Message ID | 1438668598-6678-1-git-send-email-drinkcat@chromium.org (mailing list archive) |
---|---|
State | New, archived |
Headers | show |
On Tue, Aug 04, 2015 at 02:09:56PM +0800, Nicolas Boichat wrote: > Enabling CONFIG_DEBUG_ATOMIC_SLEEP in kernel configuration, we get > this warning in spi_gpio_setup: > [ 1.177747] BUG: sleeping function called from invalid context at drivers/gpio/gpiolib.c:1431 > [ 1.190182] in_atomic(): 1, irqs_disabled(): 128, pid: 1, name: swapper/0 > [ 1.196922] 3 locks held by swapper/0/1: Please don't include entire stack traces in commit logs, they're enormous and overwhelm the actual content (like here where the trace is much bigger than the actual commit message).
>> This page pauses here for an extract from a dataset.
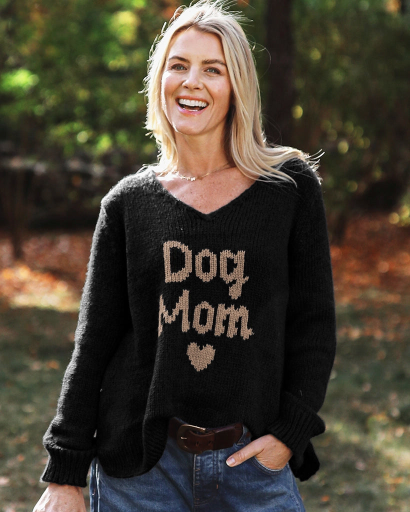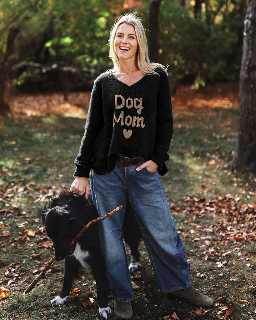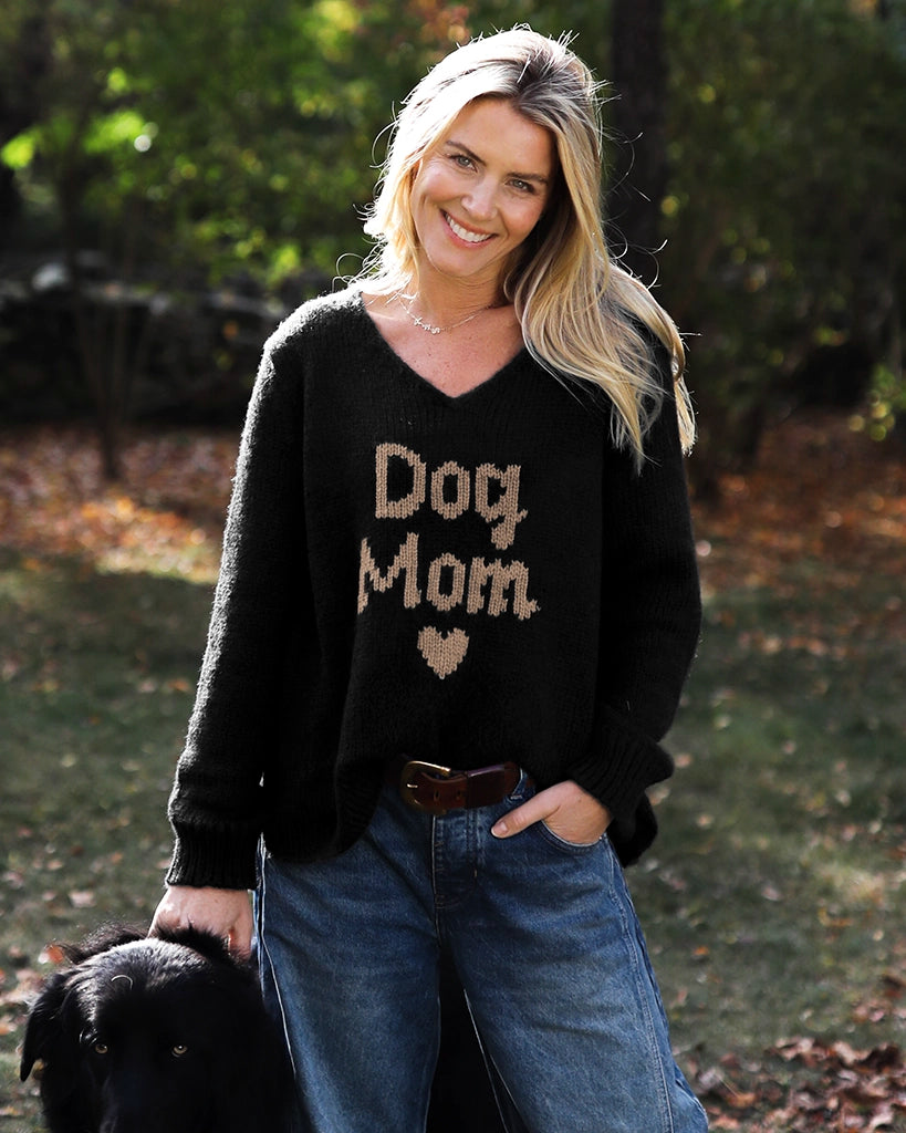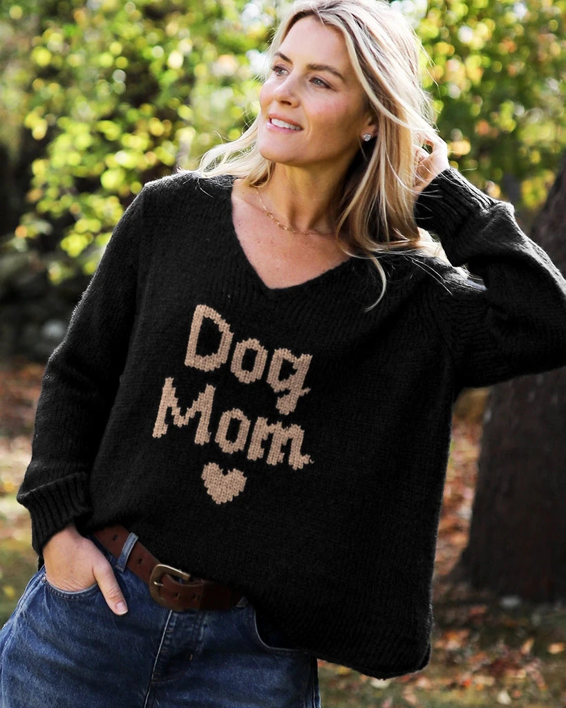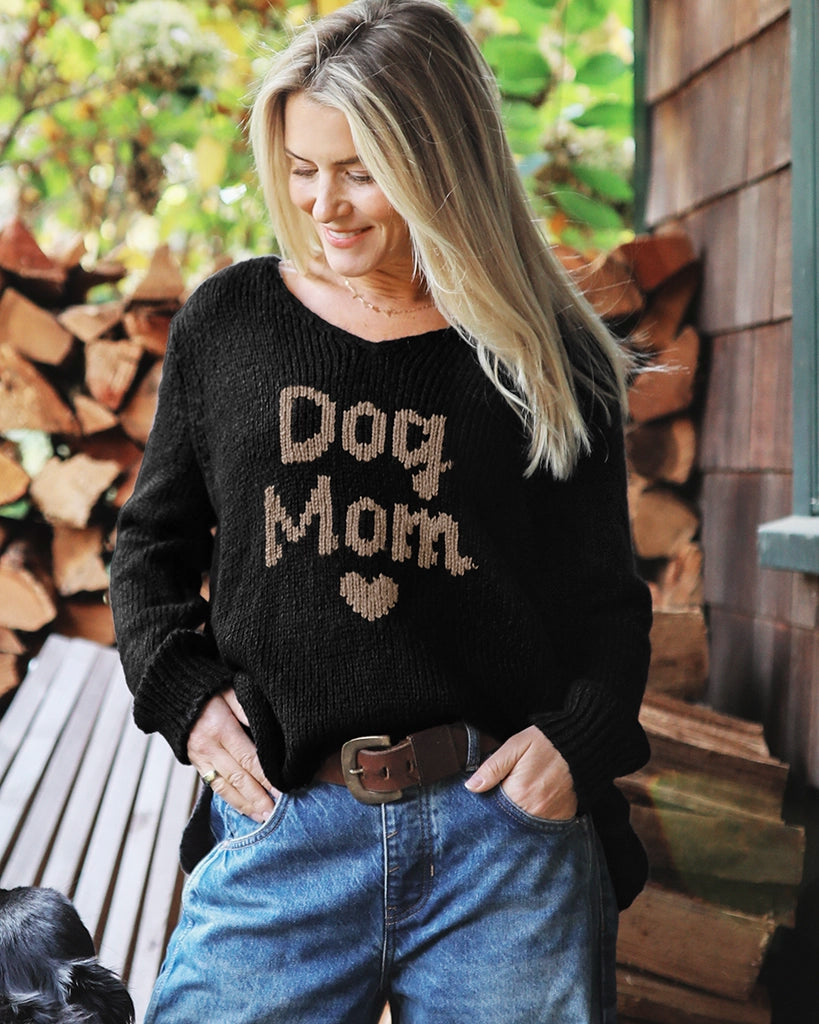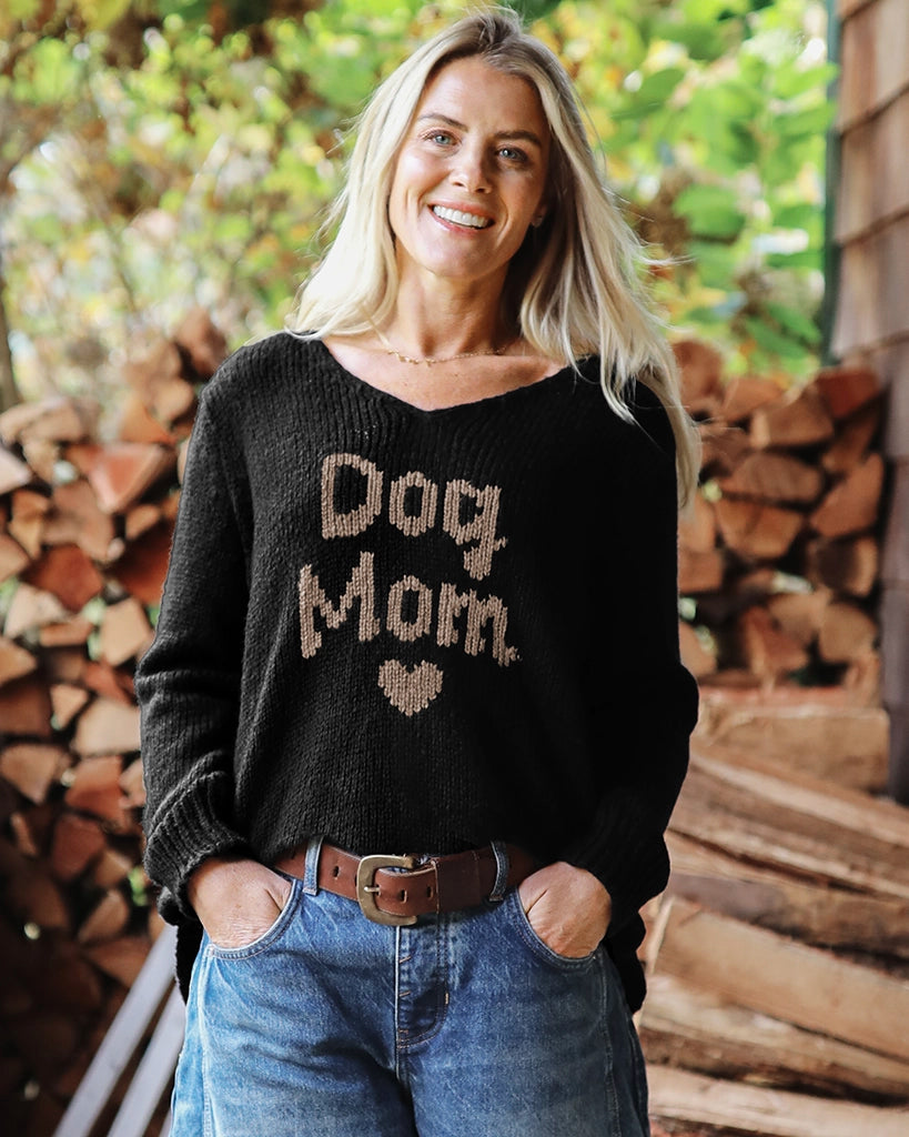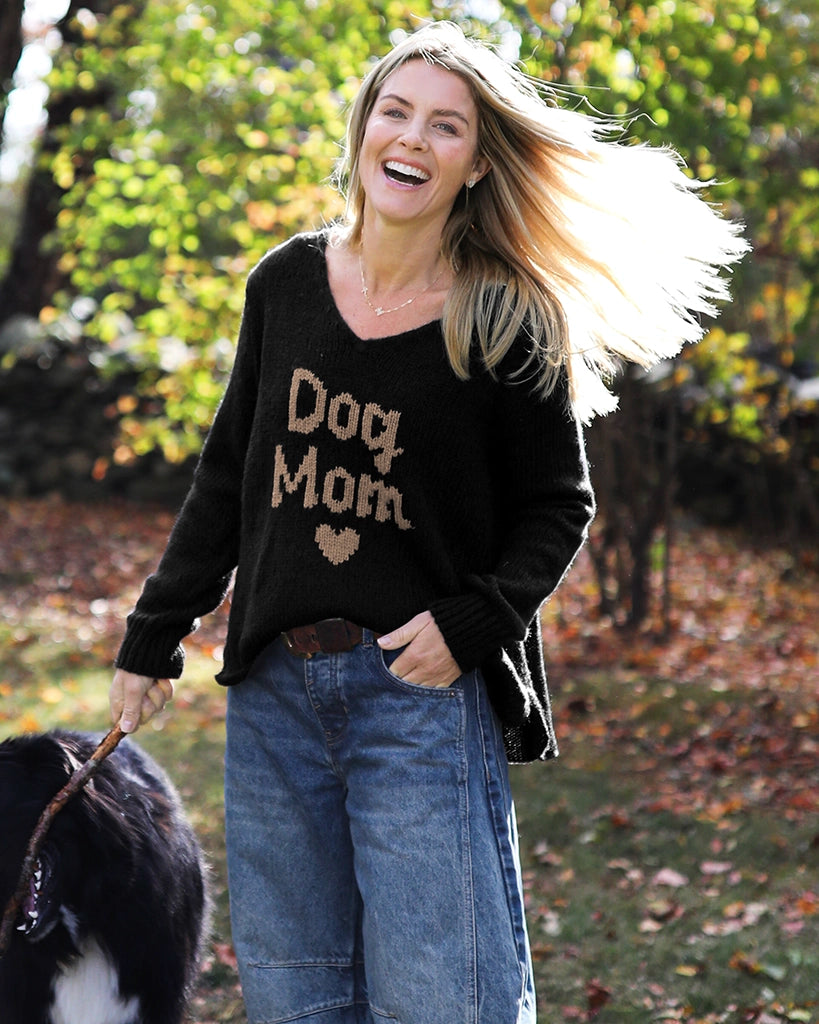 Super soft and buttery, this cozy knit features the words "Dog Mom" with a mini heart knit directly into the center front. It's slightly cropped for a flattering fit and is relaxed, with the perfect amount of slouch. Details include a shirt-tail hem with a single-stitch finish and side slits.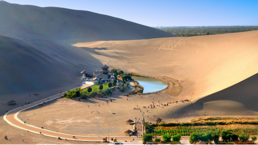 月牙泉位于甘肃省敦煌市西南鸣沙山北麓,四面被鸣沙山环抱,黄沙与碧水共存一处,融

If you feel the information from the trace adds something please present *edited* highlights instead. > Actually, I'm not sure if I understand the existing code: why are we not > waiting for busy to go down to 0, then call chipselect, instead of not calling > it at all if the bus happens to be busy when we setup the device? With the > current approach, it would be easy to just use an unconditional mutex_lock. We shouldn't be blocking waiting for the bus to become free, that's not how the interface works. > Also, is it harmful to deactivate the newly setup device in spi_bitbang_setup, > even if the bus is busy with another device? chipselect should be independent > for each device (or is it not?). So I'm not clear why we need any locking at > all... If you assert chip select on one device while another device is still being interacted with then the new device will see the traffic for the old device and become confused. > Anyway, this patch series does not change the existing behaviour, applies on > top of broonie-sound/for-next, and, along with the 2 follow-up patches, was > compile-tested on x86-64/arm (allyesconfig) and ppc44x (defconfig+SPI driver), > and runtime-tested on an arm platform. I'm not seeing enough analysis in the commit log of what's being locked and why - I don't fully understand what the busy stuff is for either (not that I've looked at the code in detail just now) but I think that's going to be the key thing here.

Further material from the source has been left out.